Research output: Contribution to journalArticle

78 Scopus citations

Abstract

3-Morpholinosyndnomine (SIN-l) has been reported to be a peroxynitrite (OONO-) donor because it produces both nitric oxide (NO) and superoxide (O2-·) upon decomposition in aqueous solution. However, SIN-1 can decompose to primarily NO in the presence of electron acceptors, including those found in biological tissues, making it necessary to determine the release product(s) formed in any given biological system. In a mixed cortical cell culture system, SIN-1 caused a concentration-dependent increase in cortical cell injury with a parallel increase in the release of cellular proteins containing 3-nitrotyrosine into the culture medium.

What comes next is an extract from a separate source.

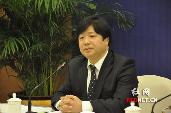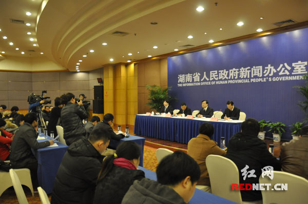 (湖南省委宣传部副部长、省政府新闻办主任周湘主持新闻发布会。)

The increase in 3-nitrotyrosine immunoreactivity, a footprint of OONO- production, was specific for SIN-1 as exposure to neurotoxic concentrations of an NO donor (Z)-1-[2-aminoethyl)-N-(2-ammonioethyl) aminodiazen-1-ium-1,2-diolate (DETA/NO), or NMDA did not result in the nitration of protein tyrosine residues. Both SIN-1-induced injury and 3-nitrotyrosine staining were prevented by the addition of either 5,10,15,20-Tetrakis (4-sulfonatophenyl) prophyrinato iron (III) [FeTPPS], an OONO- decomposition catalyst, or uric acid, an OONO- scavenger. Removal of NO alone was sufficient to inhibit the formation of OONO- from SIN-1 as well as its cytotoxicity. Removal of O2-· and the subsequently formed H2O2 by superoxide dismutase (SOD) plus catalase likewise prevented the nitration of protein-bound tyrosine but actually enhanced the cytotoxicity of SIN-1, indicating that cortical cells can cope with the oxidative but not the nitrosative stress generated. Finally, neural injury induced by SIN-1 in unadulterated cortical cells was prevented by antagonism of AMPA/kainate receptors, while blockade of the NMDA receptor was without effect. In contrast, activation of both NMDA and non-NMDA receptors contributed to the SIN-1-mediated neurotoxicity when cultures were exposed in the presence of SOD plus catalase. Thus, whether SIN-1 initiates neural cell death in an OONO--dependent or -independent manner is determined by the antioxidant status of the cells. Further, the mode of excitotoxicity by which injury progresses is determined by the NO-related species generated.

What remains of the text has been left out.